▶ _WHAT YOU HAVE TO DO_
Records follow. Pull out every line that contains "решение".

▶ _PROVIDED DATA_
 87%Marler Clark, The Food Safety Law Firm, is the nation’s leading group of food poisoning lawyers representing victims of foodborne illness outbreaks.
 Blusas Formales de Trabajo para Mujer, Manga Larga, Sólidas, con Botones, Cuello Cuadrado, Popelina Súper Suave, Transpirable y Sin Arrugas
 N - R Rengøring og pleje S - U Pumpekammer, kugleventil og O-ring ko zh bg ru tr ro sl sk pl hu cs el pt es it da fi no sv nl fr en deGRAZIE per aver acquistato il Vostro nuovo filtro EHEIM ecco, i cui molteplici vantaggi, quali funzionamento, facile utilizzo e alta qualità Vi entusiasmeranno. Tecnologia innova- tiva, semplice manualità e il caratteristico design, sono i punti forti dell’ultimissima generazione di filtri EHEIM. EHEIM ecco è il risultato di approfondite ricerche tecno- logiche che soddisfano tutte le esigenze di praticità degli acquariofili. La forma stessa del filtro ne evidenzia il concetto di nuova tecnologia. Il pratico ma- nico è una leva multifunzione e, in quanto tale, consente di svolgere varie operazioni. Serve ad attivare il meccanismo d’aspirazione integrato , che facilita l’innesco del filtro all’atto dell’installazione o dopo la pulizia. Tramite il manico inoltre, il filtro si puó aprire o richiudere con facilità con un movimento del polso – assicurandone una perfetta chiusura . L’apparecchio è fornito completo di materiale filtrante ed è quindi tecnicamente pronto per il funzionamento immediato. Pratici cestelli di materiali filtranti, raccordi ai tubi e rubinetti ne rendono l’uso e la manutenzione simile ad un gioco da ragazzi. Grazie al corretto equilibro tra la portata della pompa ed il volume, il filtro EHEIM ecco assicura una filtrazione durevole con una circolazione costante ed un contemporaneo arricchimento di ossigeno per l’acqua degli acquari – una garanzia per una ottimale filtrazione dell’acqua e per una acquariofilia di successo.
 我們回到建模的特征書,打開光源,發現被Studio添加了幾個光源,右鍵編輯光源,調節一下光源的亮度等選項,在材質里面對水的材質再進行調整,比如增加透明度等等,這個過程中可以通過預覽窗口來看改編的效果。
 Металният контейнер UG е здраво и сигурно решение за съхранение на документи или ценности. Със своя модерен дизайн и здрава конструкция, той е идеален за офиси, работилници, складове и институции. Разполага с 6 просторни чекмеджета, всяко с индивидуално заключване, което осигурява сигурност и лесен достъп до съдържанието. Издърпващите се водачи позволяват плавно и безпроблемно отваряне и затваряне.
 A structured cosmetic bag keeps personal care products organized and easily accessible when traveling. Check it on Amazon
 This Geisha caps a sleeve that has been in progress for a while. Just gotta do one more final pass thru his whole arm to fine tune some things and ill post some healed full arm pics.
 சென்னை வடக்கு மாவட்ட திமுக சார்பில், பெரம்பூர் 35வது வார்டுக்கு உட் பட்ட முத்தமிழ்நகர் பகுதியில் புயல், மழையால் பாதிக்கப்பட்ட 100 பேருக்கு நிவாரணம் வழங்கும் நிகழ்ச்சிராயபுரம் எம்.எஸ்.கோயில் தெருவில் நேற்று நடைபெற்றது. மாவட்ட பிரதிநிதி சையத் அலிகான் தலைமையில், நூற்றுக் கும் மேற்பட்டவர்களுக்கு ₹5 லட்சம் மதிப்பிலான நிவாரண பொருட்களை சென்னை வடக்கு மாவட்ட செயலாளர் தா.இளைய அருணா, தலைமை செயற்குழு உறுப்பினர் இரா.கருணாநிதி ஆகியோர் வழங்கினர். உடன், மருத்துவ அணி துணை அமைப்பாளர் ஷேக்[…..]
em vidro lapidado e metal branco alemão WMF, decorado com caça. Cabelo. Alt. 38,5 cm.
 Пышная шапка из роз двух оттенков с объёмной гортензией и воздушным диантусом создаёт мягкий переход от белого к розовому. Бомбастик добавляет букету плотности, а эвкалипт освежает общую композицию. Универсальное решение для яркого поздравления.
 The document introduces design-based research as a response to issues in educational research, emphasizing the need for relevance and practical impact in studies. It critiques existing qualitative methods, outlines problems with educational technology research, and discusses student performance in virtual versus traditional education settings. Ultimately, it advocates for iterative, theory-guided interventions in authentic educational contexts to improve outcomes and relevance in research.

▶ _WRITTEN ANSWER_
 Металният контейнер UG е здраво и сигурно решение за съхранение на документи или ценности. Със своя модерен дизайн и здрава конструкция, той е идеален за офиси, работилници, складове и институции. Разполага с 6 просторни чекмеджета, всяко с индивидуално заключване, което осигурява сигурност и лесен достъп до съдържанието. Издърпващите се водачи позволяват плавно и безпроблемно отваряне и затваряне.
 Пышная шапка из роз двух оттенков с объёмной гортензией и воздушным диантусом создаёт мягкий переход от белого к розовому. Бомбастик добавляет букету плотности, а эвкалипт освежает общую композицию. Универсальное решение для яркого поздравления.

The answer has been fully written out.